Epoch 1, Loss: 0.6070
Epoch 2, Loss: 0.4525
Epoch 3, Loss: 0.2939
Epoch 4, Loss: 0.1709
Epoch 5, Loss: 0.1075
Epoch 6, Loss: 0.0762
Epoch 7, Loss: 0.0592
Epoch 8, Loss: 0.0489
Epoch 9, Loss: 0.0423
Epoch 10, Loss: 0.0364
Epoch 11, Loss: 0.0320
Epoch 12, Loss: 0.0287
Epoch 13, Loss: 0.0259
Epoch 14, Loss: 0.0236
Epoch 15, Loss: 0.0216
Epoch 16, Loss: 0.0194
Epoch 17, Loss: 0.0176
Epoch 18, Loss: 0.0160
Epoch 19, Loss: 0.0146
Epoch 20, Loss: 0.0134
Test Accuracy: 0.985
Test F1 Score: 0.976


The accuracy is lower than expected at an impressive 98.5%, just 0.2% below the initial batch size of 64 and epochs of 10. The F1 score is also 0.3% below what was previously found in Question 2. These discrepencies can be placed down to a possible lapse in training data where some of the data may have been miscalculated or the neural network was expecting niche markets to support their niche products.
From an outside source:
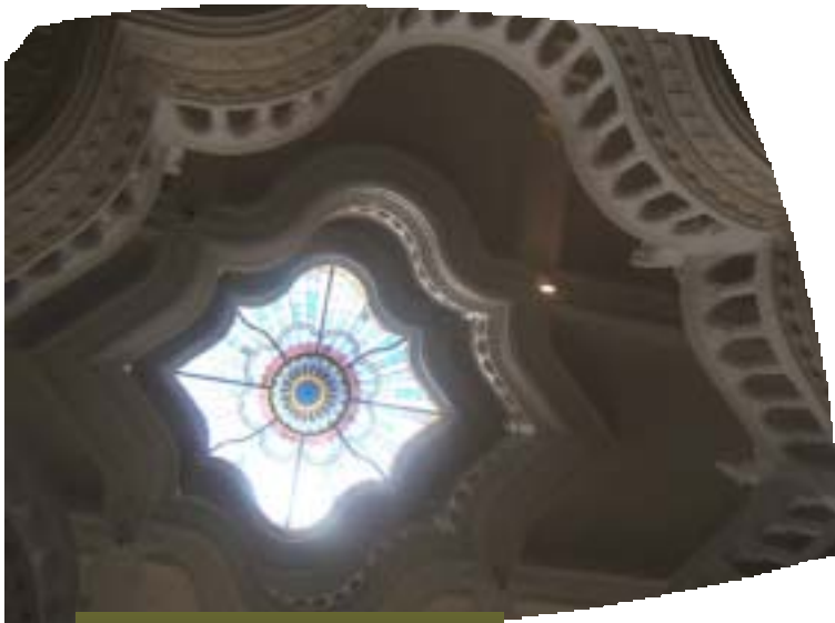
Museum of Applied Arts, Budapest

While the collection as a whole spans several centuries, there are a significant number of pieces in all areas that reflect the art nouveau style popular in the period when the museum was built. This is a museum about time: time spent in years of apprenticeship, time spent in importing gold, silver and precious stones, and time spent in the production of some of the highest quality artworks that material culture has to offer anywhere in the world. If you ever get the chance to visit Budapest, spend a little time yourself in this lovely museum.

Seeing as the majority of the books in the dataset were highly rated, the accruacy and F1 score would be skewed to a positive light regardless. 

This could have been improved by finding a more balanced dataset or finding the average review from a set number. The only problem presented with that latter idea, is that most books in the dataset had less than 100 reviews total; hence, the data would still be skewed. Thus, more reviews would remove this statistical error within the findings of the neural networks.